By now most of them must have figured me for dead. I guessed I had been holed up a couple of days and nights, although it could be longer. I had to get out of this place. I had to get out in the sunlight and the air, and I had to get myself some grub. Without a horse I was going to play hob gettin’ anywhere, but I could surely try. If I was to die I wanted to be out in the fresh sunlight and under the trees.

It taken some time, but I rolled my blankets, taken up my guns, and crawled for the opening, dragging my gear along.

When I first got into the air everything looked wrong-side to me. It was morning time and I had been sure it was afternoon. Somewhere I’d lost some time … a day was it, or two days? By the way my stomach felt it might have been a week.

I studied the trail that I crawled along and I found no tracks. It had rained since I’d come in, but that wasn’t surprising as in the high-up mountains it can rain every afternoon and often enough does just that. Whatever tracks there might have been were washed out, and I found the same thing on the regular trail when I got to it—that trail Em had followed showed nothing at all of her mule, those who chased her, or me.

Using the low limbs of a tree I pulled myself up, favoring myself not to open my wounds, and I hitched along the trail, making no effort to hurry. I just wanted to move along. Where I was headed I surely had no idea, only I was going to come down off the mountain to where I could get some better grub.
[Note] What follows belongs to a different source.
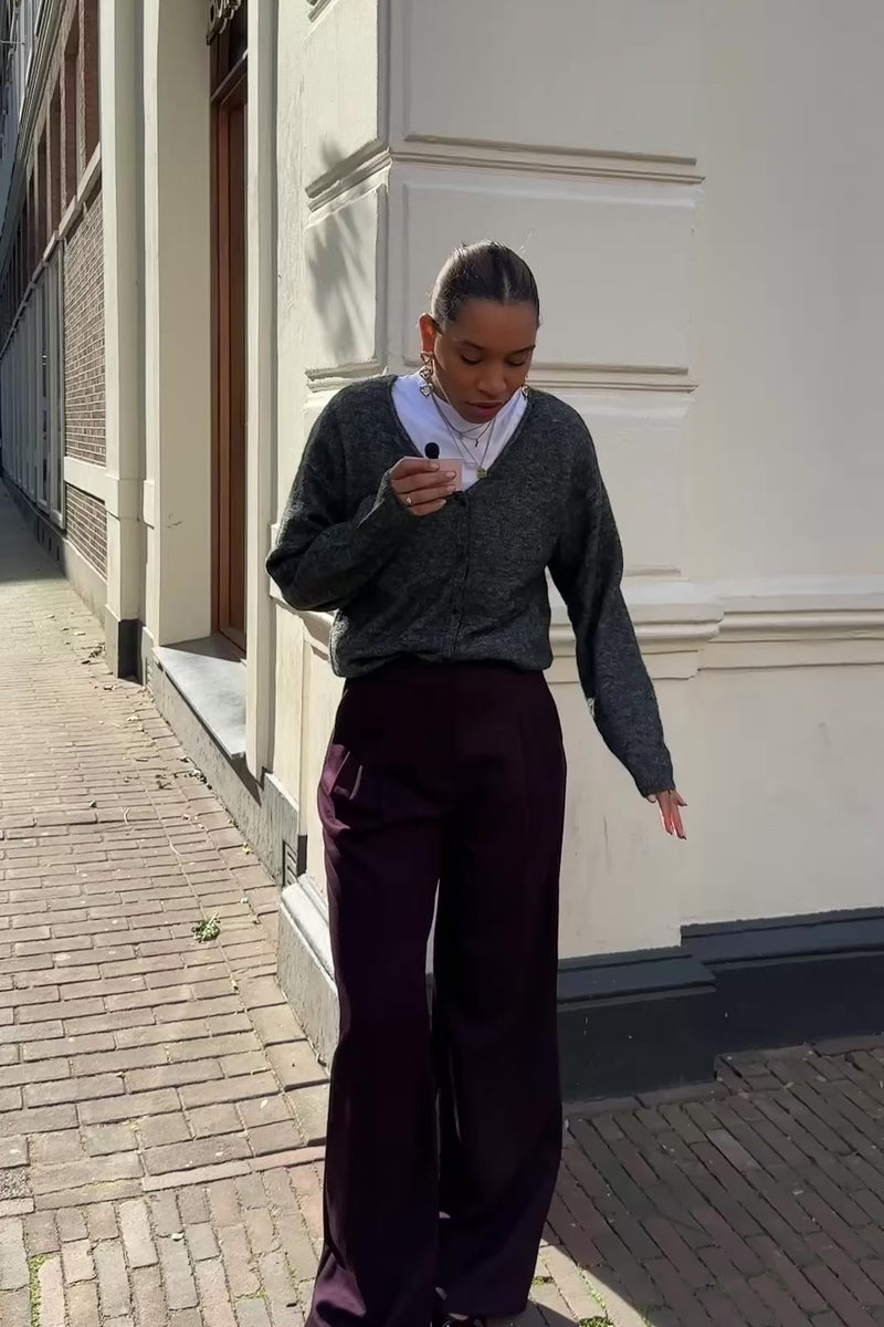 De MSCH Milania Hope Vest van Moss Copenhagen heeft lange mouwen, een V-hals en fijne knoopjes. Je kunt ’m klassiek als vest dragen of omgekeerd voor een verrassend open rugdetail.

I taken rest a-plenty, but by the time an hour was passed I’d made more’n a half mile. The river was off to my left, and a mite of a stream was flowing in from the right to join it. I stopped, laying flat out on the grass, and drunk my fill. Then I hobbled on again.

Once, afar off, I seen a deer. And a couple of times grouse flew up, or some bird resembling them. Marmots, of course, were there wherever I came up to a rock pile of some sort. After a while I just couldn’t make it any farther and I moved back into the trees and found a place at the edge of a small clearing where I could stretch out in the sun. When I’d rested there awhile, I started on, keeping off the trail and taking time a-plenty. Little by little I worked my way along the mountainside toward the higher meadows back of the ranch.
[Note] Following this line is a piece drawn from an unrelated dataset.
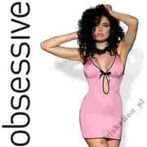 Zmysłowa haleczka w kolorze pastelowego różu, wykonana z elastycznego, lekko połyskującego materiału. Doskonale dopasowuje się do ciała eksponując kobiece wdzięki. Zmysłowy krój niesamowicie pobudza wyobraźnię. Pod biustem znajduje się seksowne wycięcie w kształcie łezki, obszyte delikatną, czarną falbanką. Drobna falbanka zdobi również brzegi miseczek, ramiączka oraz dół koszulki. Między miseczkami umieszczono czarną kokardę z tasiemki. Haleczka zmysłowo kusi oraz uwodzi. Do kompletu dołączono seksowne stringi.

The easiest way had been to follow along the steep side of the canyon and gradually work my way down. I couldn’t travel but a little way without stopping to rest, and nobody was going to see me unless they were looking over into the canyon. Pretty soon the sides grew steeper and I made my way down to the streambed.

It was lucky I did so because the walls became sheer, white rock cut with many places where water had run off or with deep cracks. At the bottom the stream ran almost bank to bank, but there was an edge of sand or gravel that I could work my way along so that I only had to enter the water occasionally for a few steps.

There was a lot of driftwood, logs and such, washed down by the flash floods that happen in mountain country. After a ways I commenced to get awful tired but there was no place to set down. Suddenly I came upon a kind of gap in the wall. It was half filled with trees and such, but beyond it I could see a patch of green that had to be a meadow.